Attila sits blank-faced on the sink, motionless and tense, as he stares into his own glassy brown eyes, his rubbery, masklike face. Attila is confused, becoming more agitated by the moment. Something strange and awful is stirring in his soul. He feels alienated by his own reflection.
From the moment Natalie arrived, Attila had detected an odd, unsettling smell—a mixture of the apricot scent of her shampoo, her minty deodorant, even the slight acrid whiff of nail polish on her toes. There was something queasy, bad, sickening about the combination of smells on her. All those grubby odors mingled with the worst smell of all—the scent of her, her resentment of him, her disgust. He smelled that. He had smelled her contempt.
That’s why he had tricked her.
Attila returns to his cage. From the corner he retrieves what looks like a children’s toy tablet. It is a PECS—a Picture Exchange Communication System—a talking touch-screen laptop designed to help teach language to autistic children, which Oz has used in his experiments with Attila.

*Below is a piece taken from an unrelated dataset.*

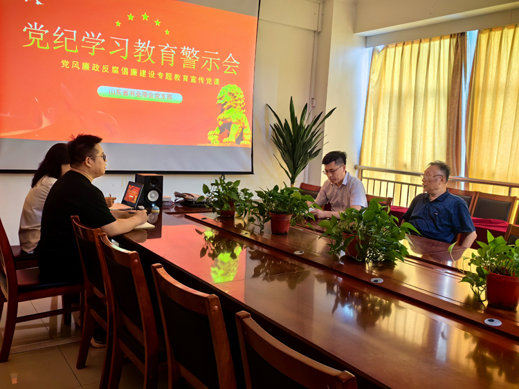 为推动党纪学习教育走深走实,教育引导党员学纪、知纪、明纪、守纪,7月23日,山东省书业商会在世纪金榜集团召开警示教育会。支部成员及秘书处工作人员参加会议。

On the screen are rows of pictures, things that Attila might want, such as bananas, peanuts, balls, and dolls. Also scattered among the columns are pictures of faces displaying various expressions.
Again and again, Attila presses the picture representing himself, and then the face in the lower right-hand corner of the grid.
“Attila, angry!” says the chipper, computerized female voice to the empty apartment. “Attila, angry!”
Book Three
HOME SWEET HOME
Chapter 34
MAUN TO JOHANNESBURG, Johannesburg to New York, New York to D.C. The chirping of the jet’s landing gear and the accompanying jolt of bumping wheels woke me up as we touched down at Reagan National Airport.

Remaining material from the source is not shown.